*** Opening Input records ***
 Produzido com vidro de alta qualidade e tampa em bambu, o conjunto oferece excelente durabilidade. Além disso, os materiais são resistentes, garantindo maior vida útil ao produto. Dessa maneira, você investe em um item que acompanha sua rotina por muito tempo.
*** Closing Input records ***
*** Opening Input records ***
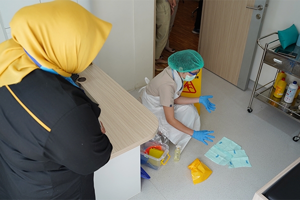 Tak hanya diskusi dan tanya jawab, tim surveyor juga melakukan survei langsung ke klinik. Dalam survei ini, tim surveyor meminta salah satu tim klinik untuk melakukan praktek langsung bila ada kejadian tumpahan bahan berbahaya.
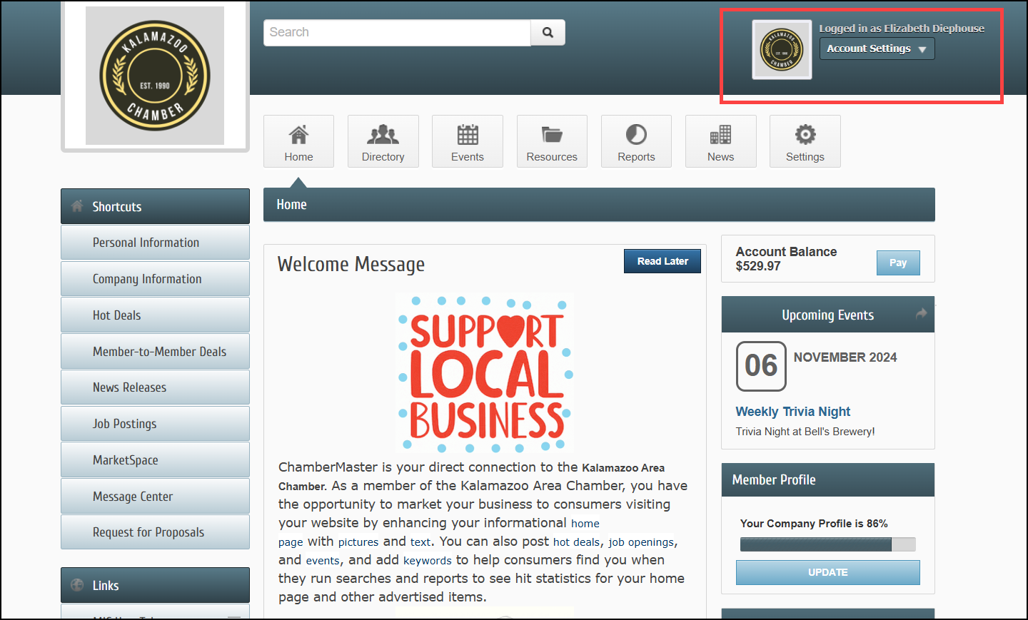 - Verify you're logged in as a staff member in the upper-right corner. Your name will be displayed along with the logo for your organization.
*** Closing Input records ***
*** Opening Input records ***
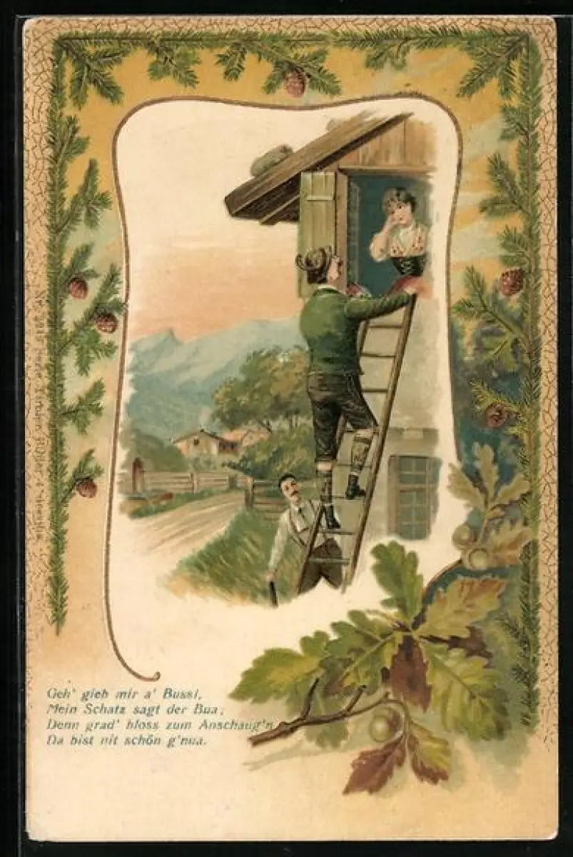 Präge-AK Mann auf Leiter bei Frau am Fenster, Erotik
*** Closing Input records ***
Exercise instructions: With the pictures omitted, copy the entries above exactly from the line containing "Tak hanya diskusi" through the line containing "- Verify you're", both lines included.

Written response:
 Tak hanya diskusi dan tanya jawab, tim surveyor juga melakukan survei langsung ke klinik. Dalam survei ini, tim surveyor meminta salah satu tim klinik untuk melakukan praktek langsung bila ada kejadian tumpahan bahan berbahaya.
 - Verify you're logged in as a staff member in the upper-right corner. Your name will be displayed along with the logo for your organization.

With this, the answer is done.